[Extracted records]
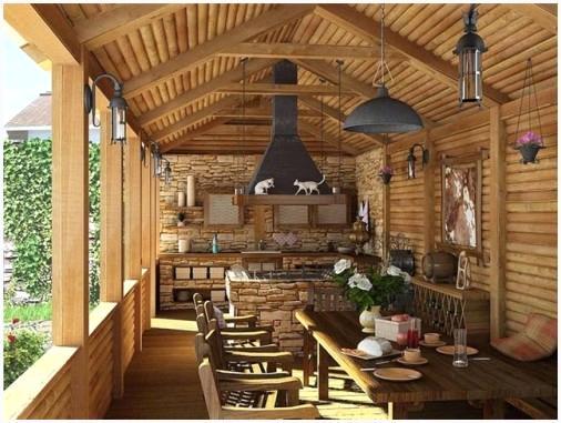 - В случае если для потолка применять недорогие доски, а хочется иметь как раз деревянный потолок, то возможно приобрести блок-хаус. Он имитирует поверхность из оцилиндрованных бревен либо брус. Одна панель имеет рельеф двух либо трех планок. Выполняется из цельной натуральной древесины, исходя из этого универсален в применении (подойдет для обшивки потолка на веранде либо в беседке). В интерьере таковой потолок смотрится первобытно и весьма атмосферно. Но большая цена для того чтобы деревянного потолка делает его менее популярным, если сравнивать с вагонкой. Крепят его на обрешетку, сами панели фиксируется замками.
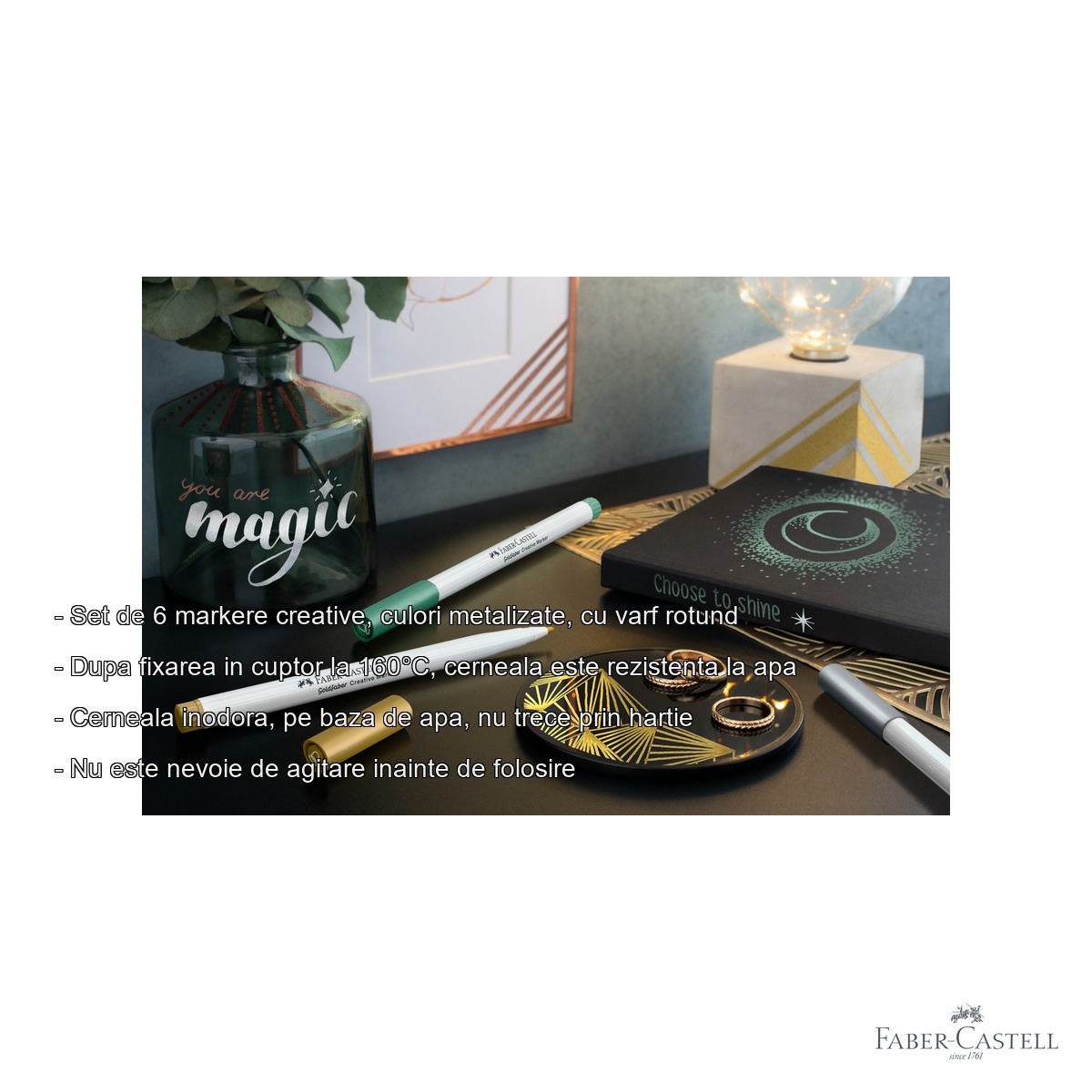 Creativitatea nu ar trebui sa fie limitata de suprafata pe care lucrezi. Daca esti pasionat de arte creative, decoratiuni handmade, scrapbooking, caligrafia sau personalizarea obiectelor, setul de 6 markere creative Faber-Castell Goldfaber cu culori metalizate este alegerea ideala. Aceste markere ofera o cerneala cu efect metalic stralucitor, potrivita pentru o gama larga de suprafete si proiecte creative, fie ca esti artist profesionist, hobbyist sau pur si simplu iti place sa personalizezi obiectele din jurul tau.
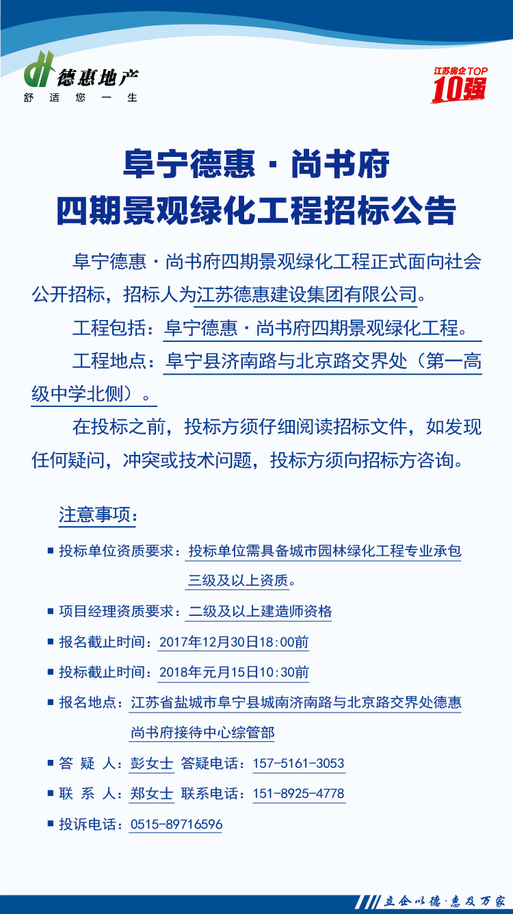 阜宁德惠·尚书府四期景观绿化工程招标公告
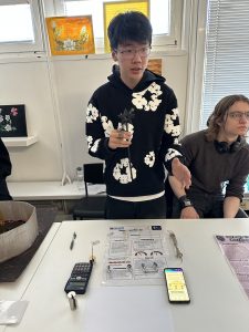 Yan impressed the audience with his in-depth understanding of pulleys and forces, presenting real-world applications and simulations that demonstrated the mechanics behind everyday systems. Lukas, bridging computer science and physics, showed us his code-based simulations on parabolic motion and inclined plane experiments, comparing how friction varies depending on material surfaces—a perfect blend of theory, data, and digital modeling.
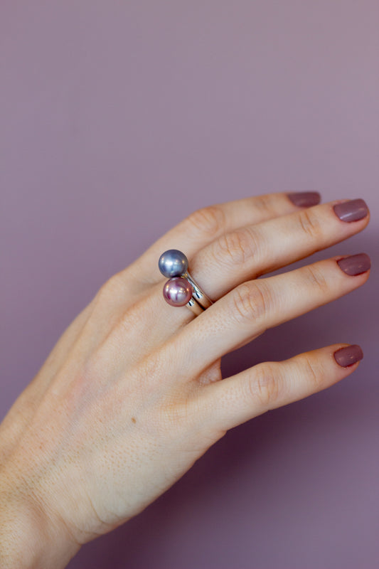 Anel Lunar em Prata 925 com Banho de Ródio e Pérola Cinza Azulada
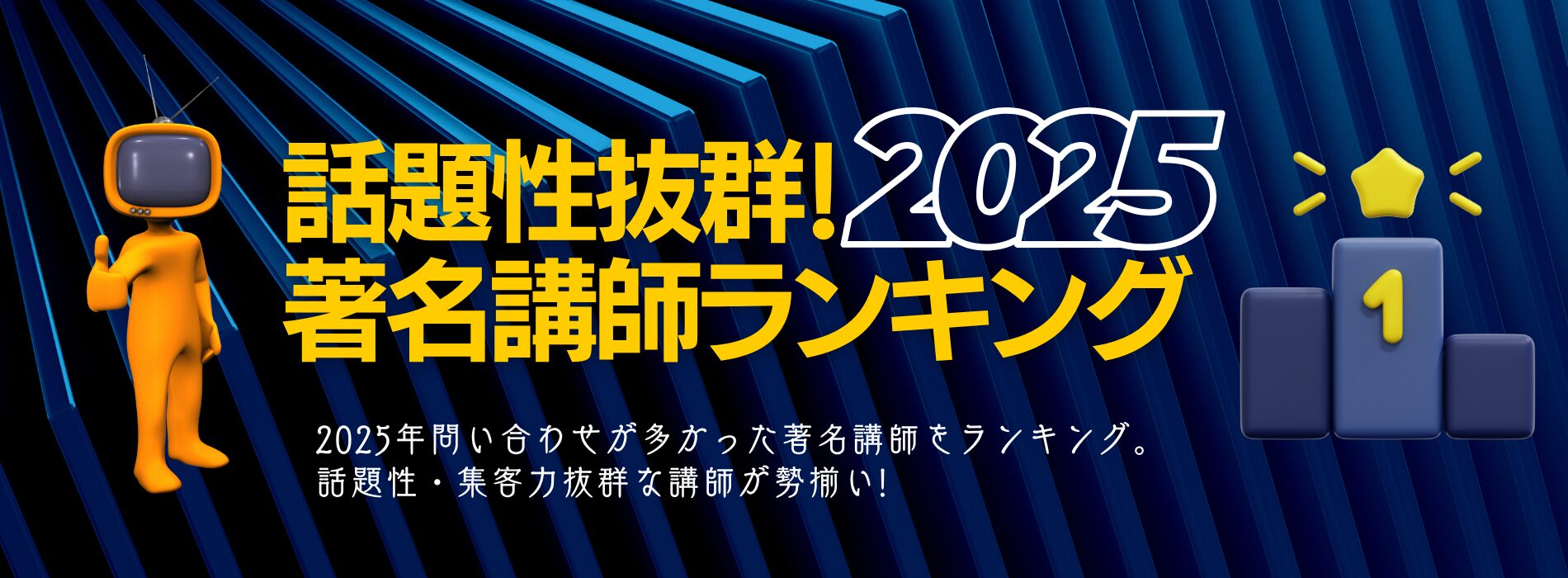 2024年8月~2025年7月の1年間で、問い合わせが多かった著名講師のみを厳選し、ランキング形式でご紹介します。いずれもテレビや新聞、雑誌などメディア露出が多く、知名度・発信力・集客力に優れた講師ばかり。経営者層を対象...
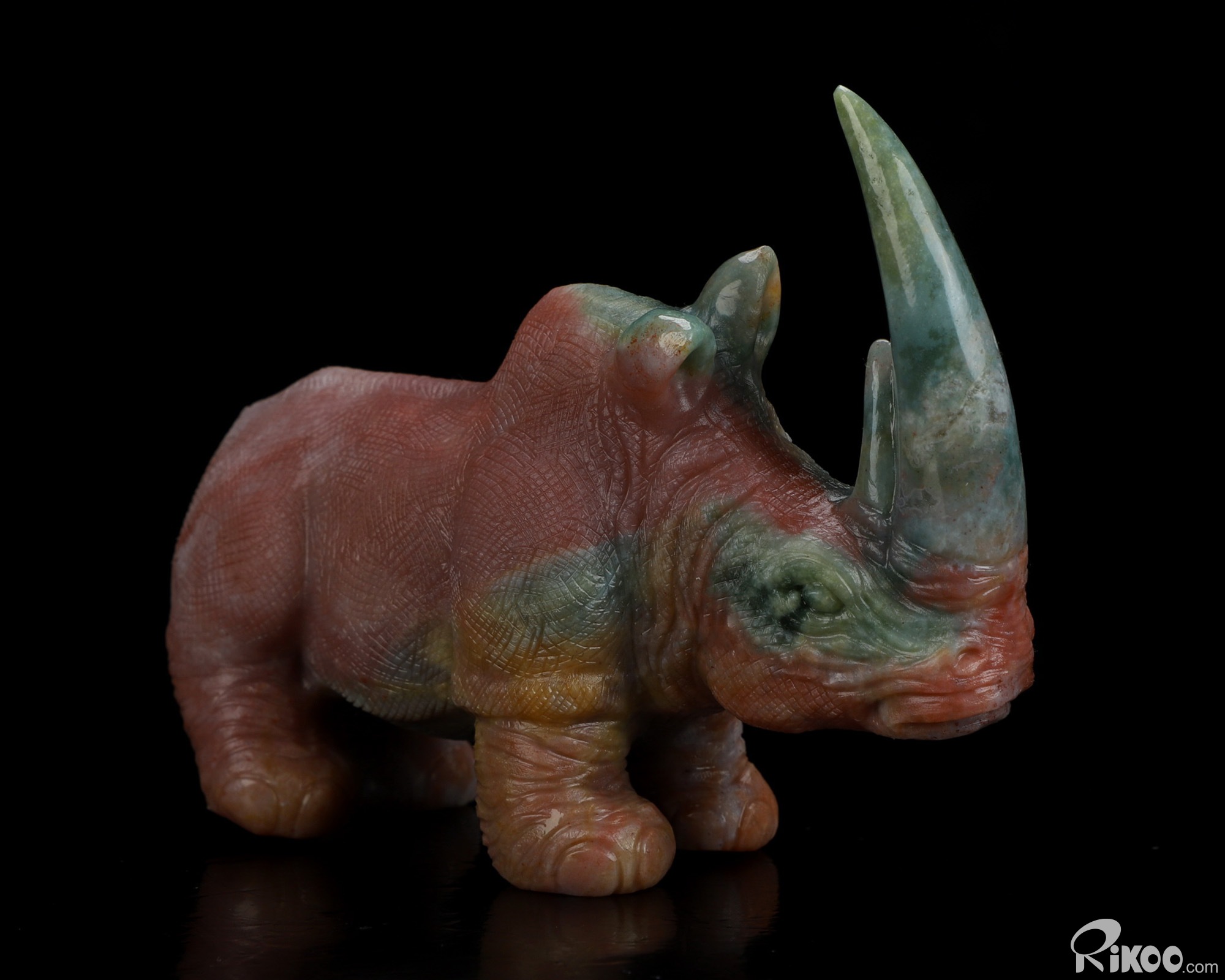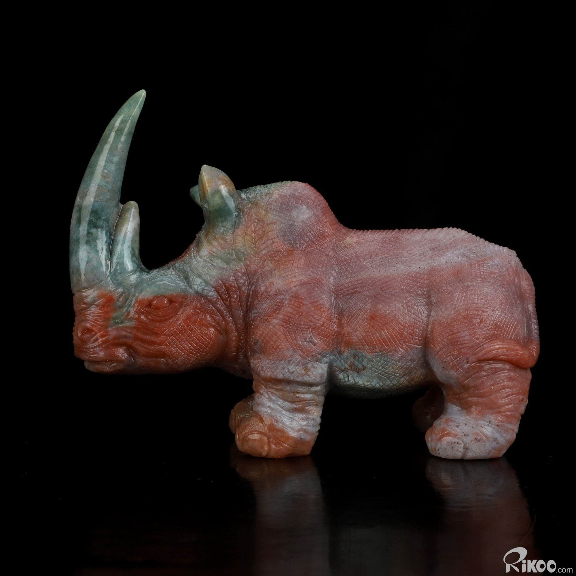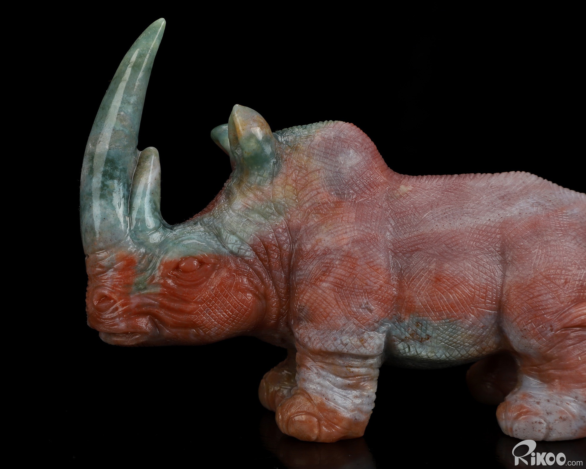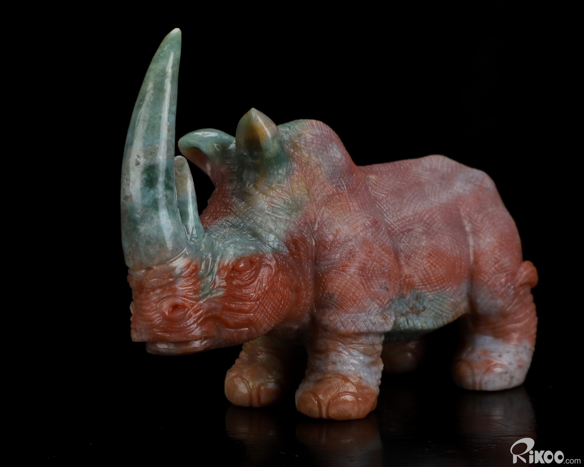 4.1" Indian Agate Hand Carved Crystal Rhinoceros Sculpture, Crystal Healing

[What the task asks]:
Transcribe, without alteration, each line from the one with "Yan impressed the" through the last line of the data; no pictures belong in the copy.

[Task output]:
 Yan impressed the audience with his in-depth understanding of pulleys and forces, presenting real-world applications and simulations that demonstrated the mechanics behind everyday systems. Lukas, bridging computer science and physics, showed us his code-based simulations on parabolic motion and inclined plane experiments, comparing how friction varies depending on material surfaces—a perfect blend of theory, data, and digital modeling.
 Anel Lunar em Prata 925 com Banho de Ródio e Pérola Cinza Azulada
 2024年8月~2025年7月の1年間で、問い合わせが多かった著名講師のみを厳選し、ランキング形式でご紹介します。いずれもテレビや新聞、雑誌などメディア露出が多く、知名度・発信力・集客力に優れた講師ばかり。経営者層を対象...
 4.1" Indian Agate Hand Carved Crystal Rhinoceros Sculpture, Crystal Healing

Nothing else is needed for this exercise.